### EXERCISE INPUT
*** Begin section ***

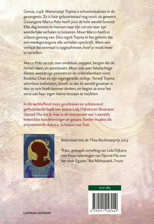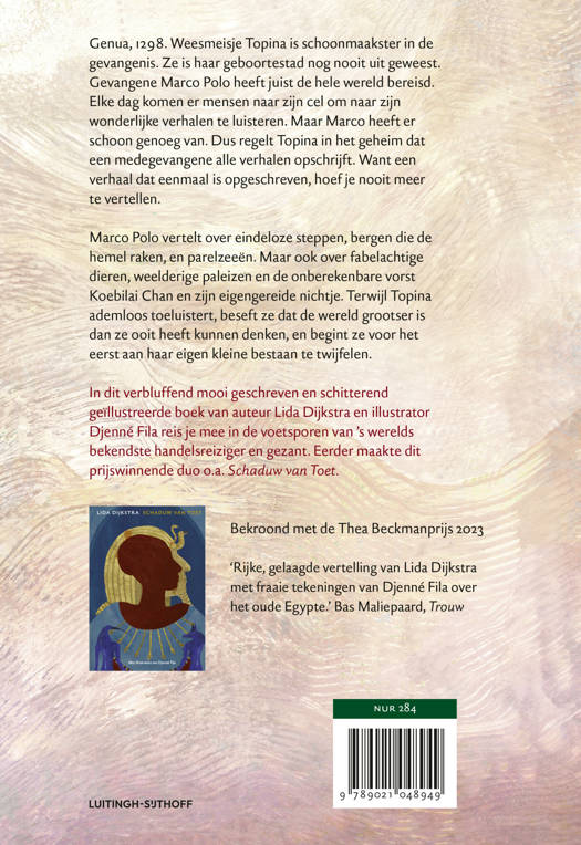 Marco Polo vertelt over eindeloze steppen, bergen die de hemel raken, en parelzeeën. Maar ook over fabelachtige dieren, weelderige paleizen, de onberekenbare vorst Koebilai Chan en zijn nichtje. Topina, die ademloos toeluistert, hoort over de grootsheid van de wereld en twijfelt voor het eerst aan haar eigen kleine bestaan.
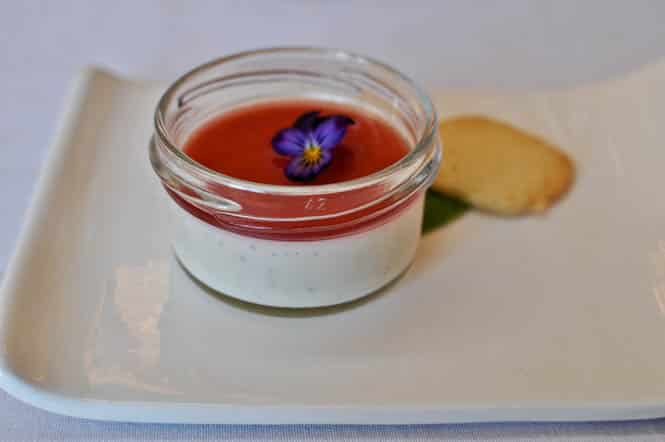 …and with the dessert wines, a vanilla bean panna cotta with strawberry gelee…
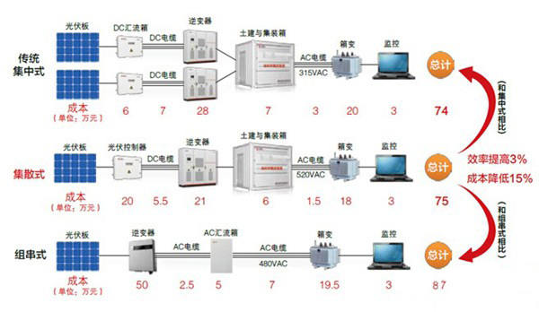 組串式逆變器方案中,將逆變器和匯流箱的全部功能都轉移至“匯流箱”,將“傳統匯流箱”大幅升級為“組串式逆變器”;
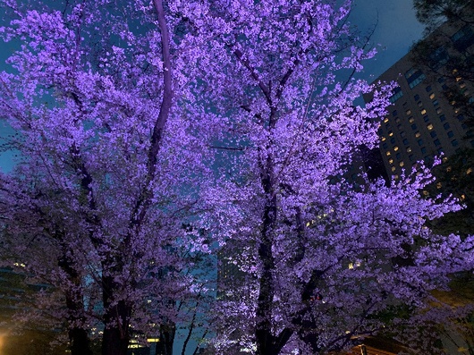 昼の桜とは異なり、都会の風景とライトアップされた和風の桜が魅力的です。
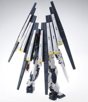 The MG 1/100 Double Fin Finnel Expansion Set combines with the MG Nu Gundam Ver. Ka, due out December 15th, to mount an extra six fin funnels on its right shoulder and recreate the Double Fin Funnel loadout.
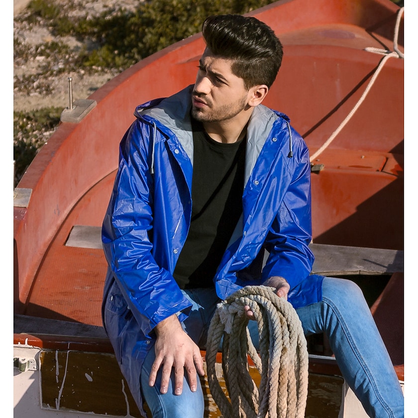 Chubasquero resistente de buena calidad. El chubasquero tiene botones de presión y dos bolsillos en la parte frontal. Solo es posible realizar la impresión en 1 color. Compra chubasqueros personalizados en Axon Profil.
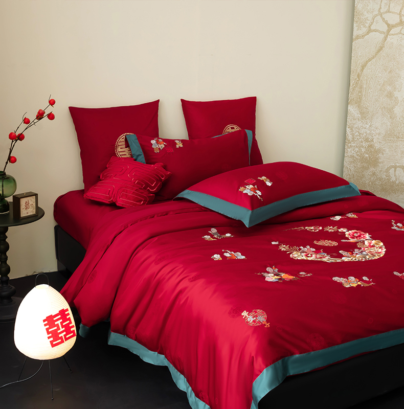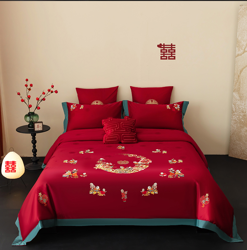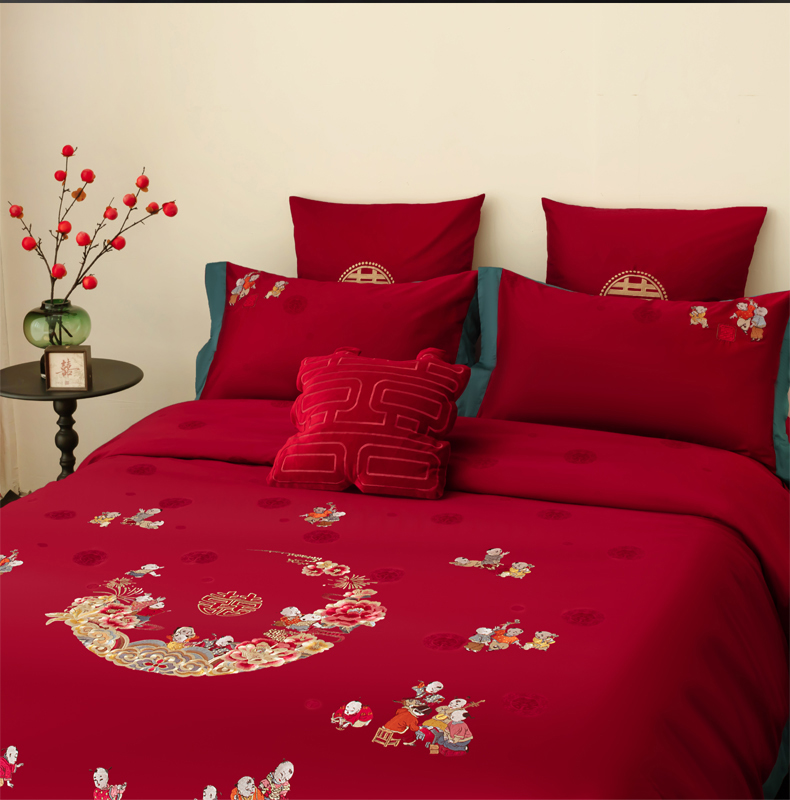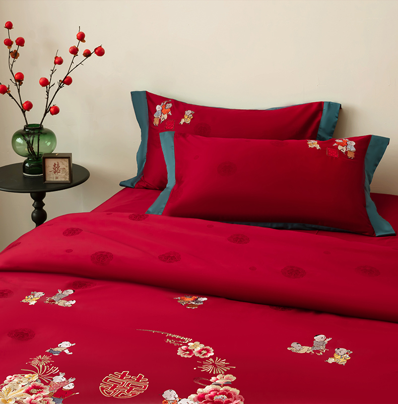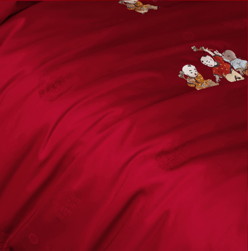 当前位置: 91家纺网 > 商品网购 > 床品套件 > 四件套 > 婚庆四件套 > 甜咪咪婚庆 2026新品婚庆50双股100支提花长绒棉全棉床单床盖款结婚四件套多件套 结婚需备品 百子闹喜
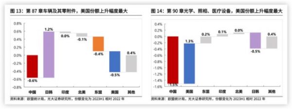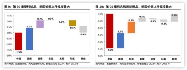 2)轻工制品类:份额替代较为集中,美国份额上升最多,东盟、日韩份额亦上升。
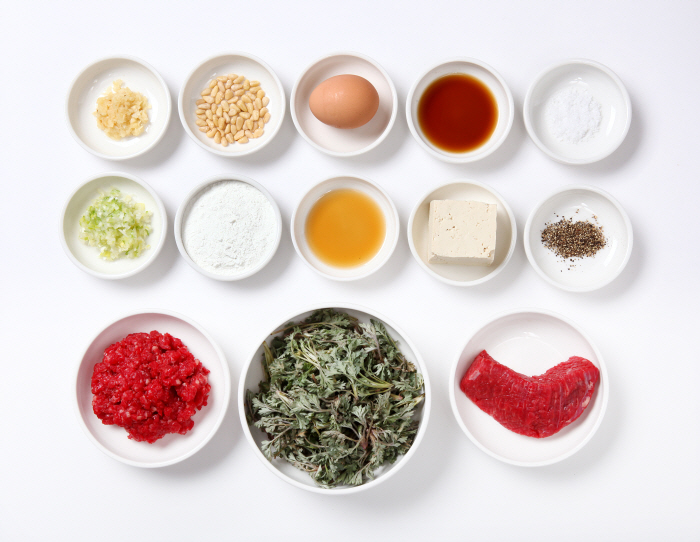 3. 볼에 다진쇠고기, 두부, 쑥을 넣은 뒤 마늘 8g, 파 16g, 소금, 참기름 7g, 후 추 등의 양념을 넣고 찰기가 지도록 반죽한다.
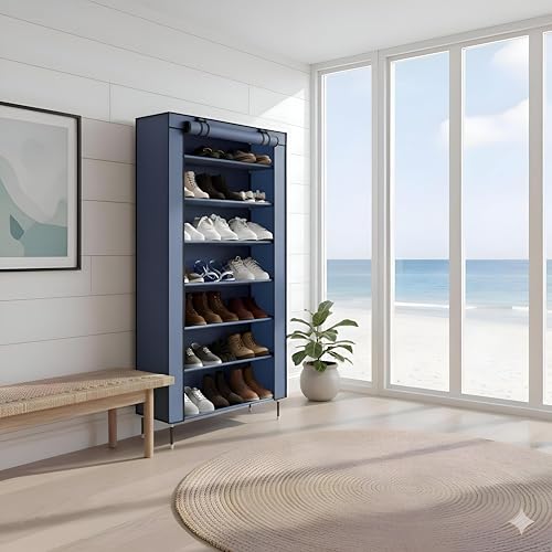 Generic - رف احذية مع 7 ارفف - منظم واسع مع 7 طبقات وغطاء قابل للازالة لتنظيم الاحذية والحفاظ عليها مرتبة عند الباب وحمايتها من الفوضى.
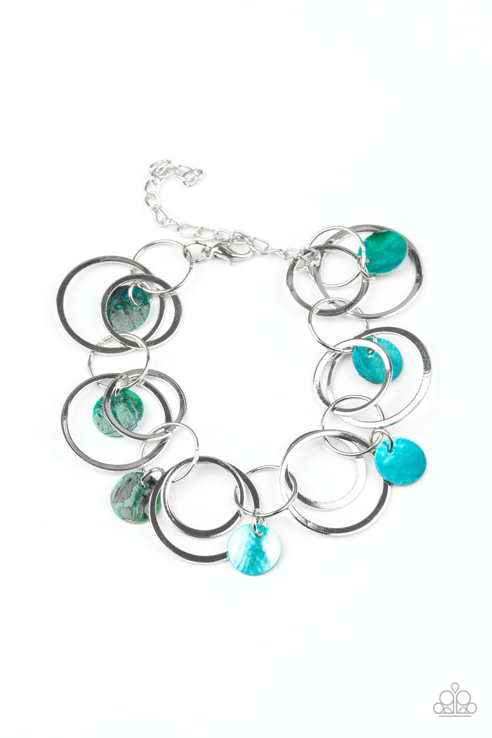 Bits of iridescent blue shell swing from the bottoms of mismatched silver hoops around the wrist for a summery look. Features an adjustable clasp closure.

*** End section ***

### HOW TO COMPLETE THIS TASK
Give back the exact lines above, running from the one that has "Chubasquero resistente de" through the one that has "Generic - رف", with nothing added and no pictures.

### EXERCISE OUTPUT
 Chubasquero resistente de buena calidad. El chubasquero tiene botones de presión y dos bolsillos en la parte frontal. Solo es posible realizar la impresión en 1 color. Compra chubasqueros personalizados en Axon Profil.
 当前位置: 91家纺网 > 商品网购 > 床品套件 > 四件套 > 婚庆四件套 > 甜咪咪婚庆 2026新品婚庆50双股100支提花长绒棉全棉床单床盖款结婚四件套多件套 结婚需备品 百子闹喜
 2)轻工制品类:份额替代较为集中,美国份额上升最多,东盟、日韩份额亦上升。
 3. 볼에 다진쇠고기, 두부, 쑥을 넣은 뒤 마늘 8g, 파 16g, 소금, 참기름 7g, 후 추 등의 양념을 넣고 찰기가 지도록 반죽한다.
 Generic - رف احذية مع 7 ارفف - منظم واسع مع 7 طبقات وغطاء قابل للازالة لتنظيم الاحذية والحفاظ عليها مرتبة عند الباب وحمايتها من الفوضى.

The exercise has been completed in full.